Winona drew rein and waited for him to come up next to her. “Do you smell what I smell?”
Nate nodded. The unmistakable stink of burning flesh. Not animal flesh, either. Human flesh had an odor all its own.
“I have a bad feeling about this.”
Nate swung down, saying quietly, “Whites always say that bad things come in threes.” First the buff, then the grizz, now this. “Stay with the horses while I go have a look-see.”
“Nothing doing.” Winona swung a leg over her sorrel and slid down. “In case you have forgotten, I am your woman and you are my man. Where you go, I go.”
“Even if I ask real nice?”
Winona snorted.
Crouching, Nate stealthily threaded through the thick undergrowth. He made no more noise than the breeze, with hardly a rustle of a leaf or stem.
Winona matched him, moving in perfect mimicry, stepping where he stepped.
The odor grew stronger.
Soon the trees thinned. Wary of being spotted, Nate slowed. They were near the prairie, and he saw the source of the smell. “Dear God.”
Winona looked away, steeled herself, and looked back. “I never get used to it. No matter how many times, I never do.”
Nate absently nodded. “It won’t be the last time.” Not with hostilities so widespread.
A stone’s throw from the trees stood two wagons. Their teams were gone, and their canvas tops had been cut off. Belongings lay scattered everywhere, most smashed or hacked to bits, a few intact, everything from a butter churn to tools to clothes to a piano. But it wasn’t the possessions that caused Nate’s breath to catch in his throat. It was what was left of the people who owned them.

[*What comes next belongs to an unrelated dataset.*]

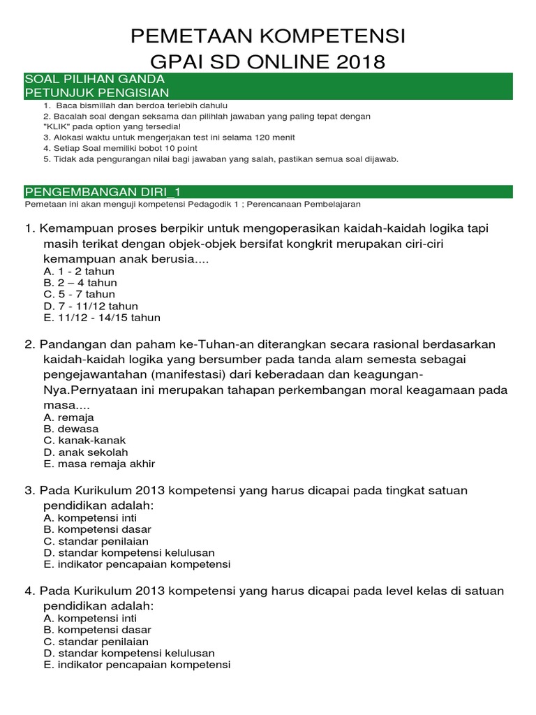 Soal Pemetaan Kompetensi Gpai Sd Online 2018 Docx

“I think one is still alive,” Winona whispered.
So did Nate.
There were four, all told. Two men of middle years, a woman who had to be in her sixties, and a strapping young man who had not yet seen twenty. The first two had been lashed to wagon wheels and then things were done to them, things involving knives and tomahawks and body parts that were no longer part of their bodies.
The young man fared the worst. Staked out spread-eagle, he’d been stripped and then worked on with a knife. His eye sockets were empty, his nose was gone, and the ruin of his mouth exposed bared teeth where his lips had once been.
It was the old woman who was still alive. She, too, had been staked out and stripped. She had all her body parts. She just didn’t have any skin.
Nate warily moved into the open. The tracks of unshod horses led off to the northeast. “Whoever did this is long gone.”
“Dakotas, maybe,” Winona said. “Or Pawnees.”
The old woman weakly turned her head and her watery eyes blinked. She tried twice to speak, then croaked at Nate, “You’re white; aren’t you?”
Nate could barely stand to look at her. The human body without skin was hideous. “I am.”
“They took my daughter and her kids. And Tom’s wife. I could hear them scream as they were dragged off.”
Nate said nothing.
“We were bound for Oregon country.”
“Only the two wagons?” Nate was surprised. Normally, for mutual protection, whites traveled in trains of twenty or more.
“We thought we could make it on our own.”
Nate waited for the inevitable.
The woman’s watery eyes focused on his face. “I hurt, mister. I hurt awful bad. And I could be a long time dying.”
“A long time,” Nate agreed.
“Do me a favor, will you?”
Knowing full well what she wanted, Nate King nodded.